Citing factors including the number of Cohome residents–presently, six developmentally challenged clients and three resident assistants–Mulligan had charged Cohome with changing the use of its property from its “R-5” designation to an “R-4” group home without town approvals.

Cohome lacks an R-4 certificate of occupancy and is operating illegally, he contended. The construction code official imposed weekly fines of $1,000, and ordered installation of sprinklers, the lawsuit stated.

Cohome attorney Aileen Brennan argued Thursday that sprinklers are unnecessary. Cohome clients are high-functioning–she said they all hold jobs–and have demonstrated during fire drills that they can exit swiftly from the house, she said.

Yet these same clients could suffer “irreparable harm,” psychologically, if forced to relocate temporarily for the sprinkler installation, Brennan insisted. Relocation even might jeopardize their federal housing subsidies, she said.

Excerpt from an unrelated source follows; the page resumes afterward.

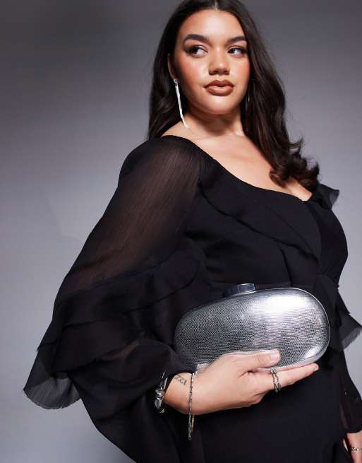 True Decadence - Metallic sølvfarvet tekstureret clutch-taske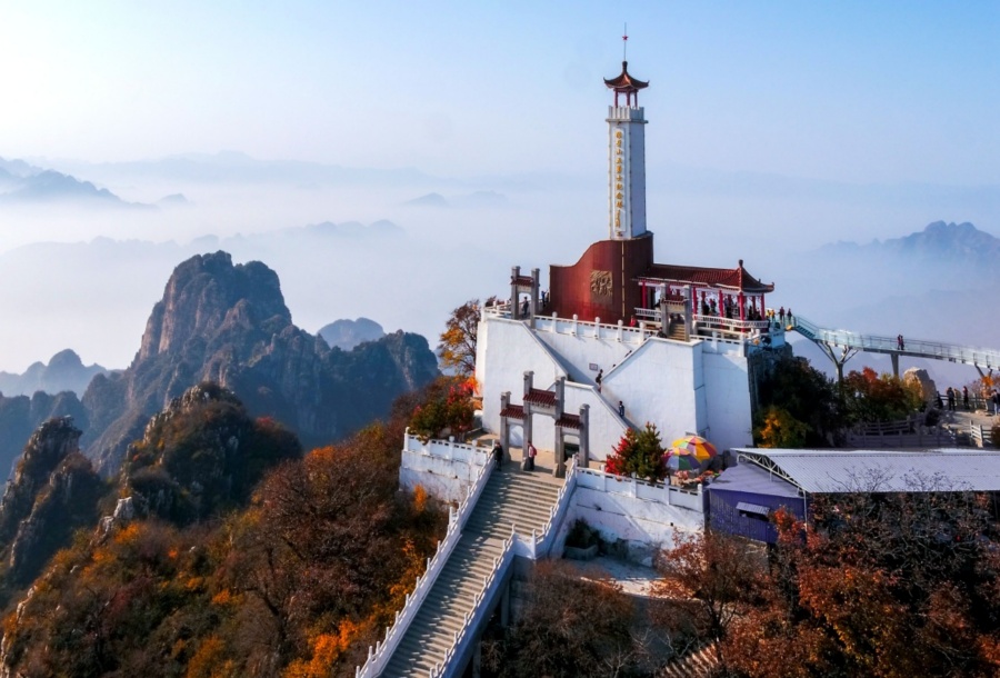 ▲這是狼牙山棋盤陀峰頂?shù)摹袄茄郎轿逵率考o念塔”(2017年10月27日攝,無人機照片)?!?span tag="ueditor-text-tushuo" class="imgdesc" style="text-indent: 2em; ">新華社發(fā)

And Cohome would face difficulty affording sprinklers, Brennan said.

Cohome can’t have it both ways, countered Frank Dyevoich, counsel for Mulligan and the town.

Owner Nate Diskint has portrayed his clients as so capable that they only need support and companionship, an arrangement Diskint insists is different than a group home. So, brief disruptions should not faze these clients, Dyevoich posited.

Attorney Frank Dyevoich, representing Morristown and Construction Code Official Brian Mulligan. Nov. 30, 2023. Screenshot by Kevin Coughlin

On the other hand, Diskint told the town zoning board his clients need so much care that a permanent caretaker residence had to be built. Which suggests they need supervision from licensed professionals in a group home, the lawyer said.

Dyevoich added that Mulligan could be held liable if he neglected to enforce town codes and, “God forbid,” tragedy were to occur.

The judge agreed.

“The court does not find by clear and convincing evidence that the comparative hardships or irreparable harm that would be suffered by the plaintiffs in this instance outweigh their need to secure their safety and security, as required under the (town) code,” Minkowitz said.

Nor had Brennan backed up her claims of irreparable harm–or even that relocation of Cohome residents would be necessary, the judge said.

Likewise, he saw no proof that sprinkler costs would be overly burdensome, or that client subsidies were in peril.

When the county construction board of appeals, without explanation, affirmed Morristown’s violations by a 5-1 vote in June, it left Minkowitz with no way to determine if the board had acted in an “arbitrary, capricious and unreasonable” manner, as Cohome alleged.

“I am in a conundrum,” he said, encouraging both sides to amicably resolve their differences.

The judge remanded that portion of the case back to the county board, to state its reasons for the record–if Cohome opts to pursue the matter.

Because of the ambiguity surrounding the board’s decision, Minkowitz voided subsequent town violations leveled against Cohome for failure to comply.

And he threw out everything else, “without prejudice.” Meaning Cohome can try again.